Complications of congenital portosystemic shunts: liver tumors are affected by shunt severity, but pulmonary and neurocognitive associations are not.

机构信息

Department of Paediatric Surgery, King's College Hospital, London, UK.

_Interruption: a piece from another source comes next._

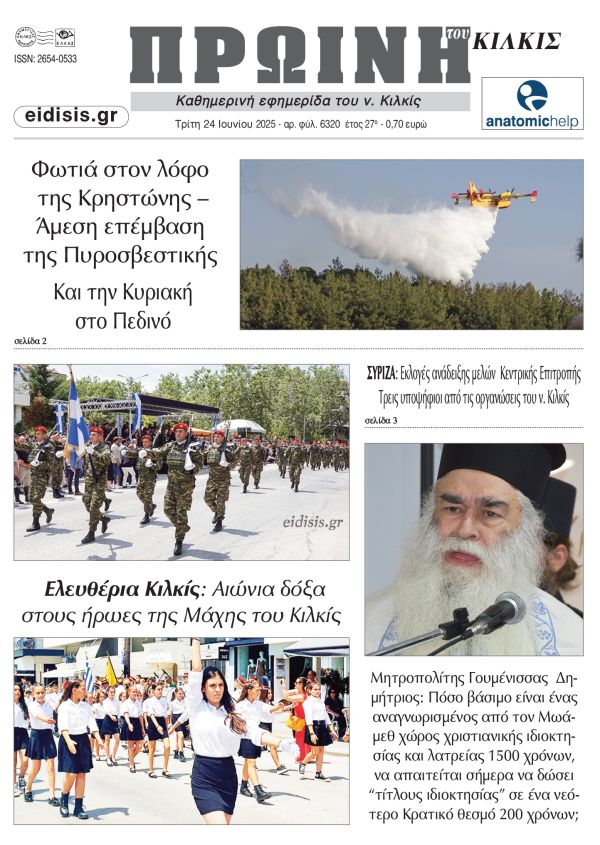 Διαβάστε το νέο πρωτοσέλιδο της Πρωινής του Κιλκίς, μοναδικής καθημερινής εφημερίδας του ν. Κιλκίς (24-6-2025)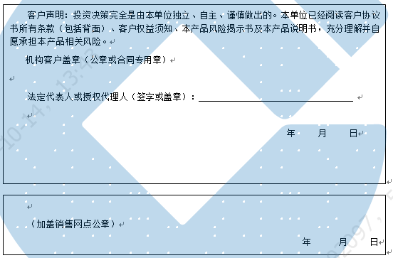 客户签名: ( 客户声明:投资决策完全是由客户独立、自主、谨慎做出的。客户已经阅读客户协议书所有条款(包括背面)、客户权益须知、本产品风险揭示书及本产品说明书,充分理解并自愿承担本产品相关风险。)

Department of Radiology, King's College Hospital, London, UK.

出版信息

Hepatol Int. 2022 Aug;16(4):918-925. doi: 10.1007/s12072-022-10328-5. Epub 2022 Jul 8.

Abstract

BACKGROUND AND PURPOSE

Congenital portosystemic shunts (CPSS) are associated with multisystem complications, with the most common being liver tumors. The purpose of this study is to investigate the incidence of complications of CPSS, and to determine the natural history of liver tumors and their relationship with shunt closure.

METHODS

Single-center retrospective cohort study of patients with CPSS referred from 1990 to 2020. Data on demographics, laboratory, radiological and histological investigations, clinical evolution, and surgery were reviewed. Mann-Whitney for continuous data and Fisher's exact test for categorical data were used. A p value of 0.05 was considered significant.

RESULTS

54 patients were investigated for CPSS with a median age of 1.1 years (IQR 0.2-11.8 years) at presentation-7 intrahepatic shunts resolved spontaneously and were excluded. Type 1 (without intrahepatic portal flow) had a higher rate of all hepatic tumors than Type 2 (partial intrahepatic portal flow) [18/22(82%) vs. 9/25(36%); p = 0.003); and malignant tumors (6/22(27%) vs 1/25(4%); (p = 0.04). Following shunt closure, 4/11(36%) of patients experienced partial and 3/11(27%) complete tumor regression. Pulmonary hypertension and hepatopulmonary syndrome affected 4(9%), and 3(6%) patients, respectively. Pulmonary complications affected 1 patient with Type 1 and 6 with Type 2 shunts (p = 0.1). Neurocognitive anomalies were identified in 16/47(34%) patients, 8/22(35%) with Type 1 shunts and 8/25(32%) with Type 2 shunts (p = 0.76). 9/47 (19%) required special needs schooling.

CONCLUSIONS

Severity of portal venous deprivation (Type 1 CPSS) increases the risk of hepatic tumors and surgical closure is associated with a reduction in size or complete resolution of benign tumors.

摘要

背景与目的

先天性门体分流(CPSS)与多系统并发症相关,最常见的是肝肿瘤。本研究旨在探讨 CPSS 并发症的发生率,并确定肝肿瘤的自然史及其与分流关闭的关系。

方法

对 1990 年至 2020 年期间转诊的 CPSS 患者进行单中心回顾性队列研究。回顾了人口统计学、实验室、影像学和组织学检查、临床演变和手术的数据。连续数据采用 Mann-Whitney 检验,分类数据采用 Fisher 确切检验。p 值<0.05 认为有统计学意义。

结果

共调查了 54 例 CPSS 患者,中位年龄为 1.1 岁(IQR 0.2-11.8 岁)。7 例肝内分流自行缓解,予以排除。1 型(无肝内门静脉血流)的所有肝肿瘤发生率高于 2 型(部分肝内门静脉血流)[18/22(82%)比 9/25(36%);p=0.003);恶性肿瘤(6/22(27%)比 1/25(4%);p=0.04)。分流关闭后,11 例患者中 4 例(36%)出现部分肿瘤消退,3 例(27%)完全肿瘤消退。4(9%)例患者患有肺动脉高压,3(6%)例患者患有肝肺综合征。1 例 1 型分流和 6 例 2 型分流患者(p=0.1)出现肺部并发症。47 例患者中有 16 例(34%)存在神经认知异常,22 例 1 型分流中有 8 例(35%),25 例 2 型分流中有 8 例(32%)(p=0.76)。9/47(19%)例需要特殊教育。

结论

门静脉剥夺的严重程度(1 型 CPSS)增加了肝肿瘤的风险,手术关闭与良性肿瘤大小减小或完全消退相关。